Data excerpts:

== Segment start ==

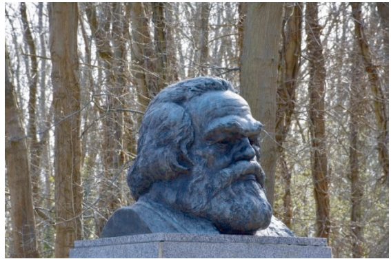
Figs. 5 and 6: The Karl Marx Memorial in Highgate Cemetery (Images: Daria Pezzoli-Olgiati 2018).

However, leaving aside clear differences in style, 47 there are two major differences with respect to Kerbel's sculpture. In the first place, it is located in
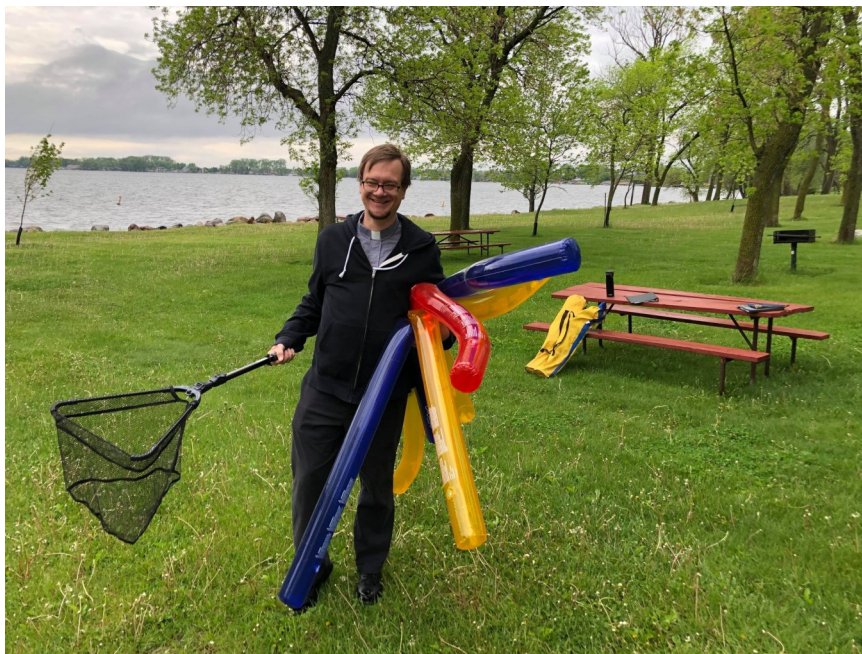
Safety Measures....6 feet apart.

Church staff will complete refresher trainings for CPR/First Aid and AED through the American Heart Association once it is safe again to do so.
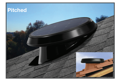
A great alternative for north facing roofs when you need to improve exposure to the sun.
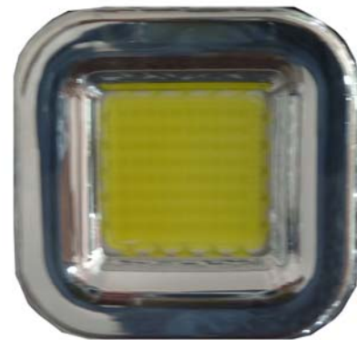
Figure 4. Integrated LED Light Source
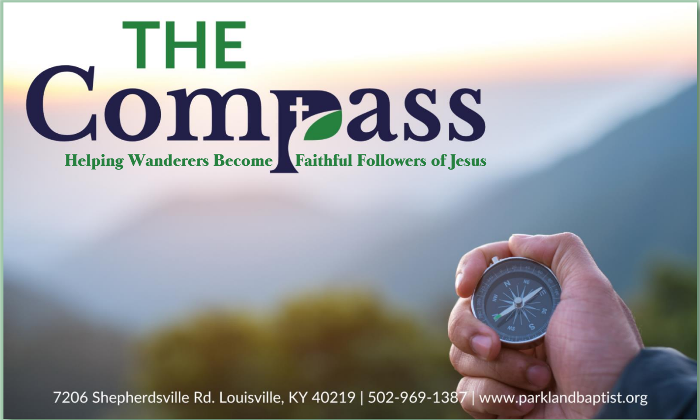
June 2025 Edition

April 2025 Financials for Parkland Baptist Church April Income: $63,758 April Expenses: $63,824
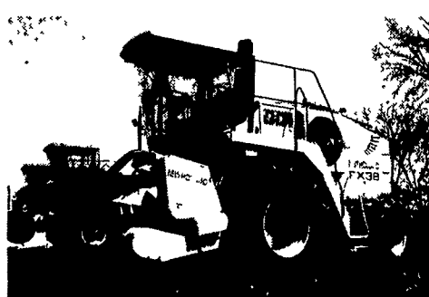
00 FX 38 New Holland, 4x4 Corn Cracker, 700 Cutter Hr, 900 Engine Hr, Hyd Outlets, 6 Row Corn, 10 Hay $176,000
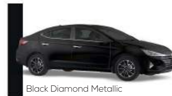
Black Diamond Metallic
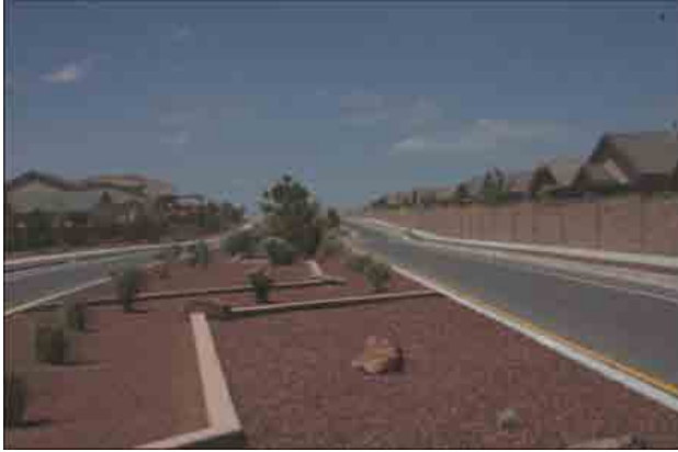
Well landscaped medians along collector and arterial roads develop a sense of place and can provide a refuge where mid-block crossings exist.
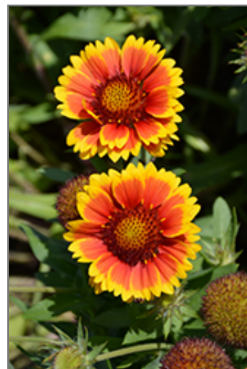
Arizona Sun Blanket Flower flowers

Arizona Sun Blanket Flower is recommended for the following landscape applications;

== Segment end ==

**Problem requirements**.
Each line of the records with the word "Flower" in it is to be copied.

**Result for this exercise**.
Arizona Sun Blanket Flower flowers
Arizona Sun Blanket Flower is recommended for the following landscape applications;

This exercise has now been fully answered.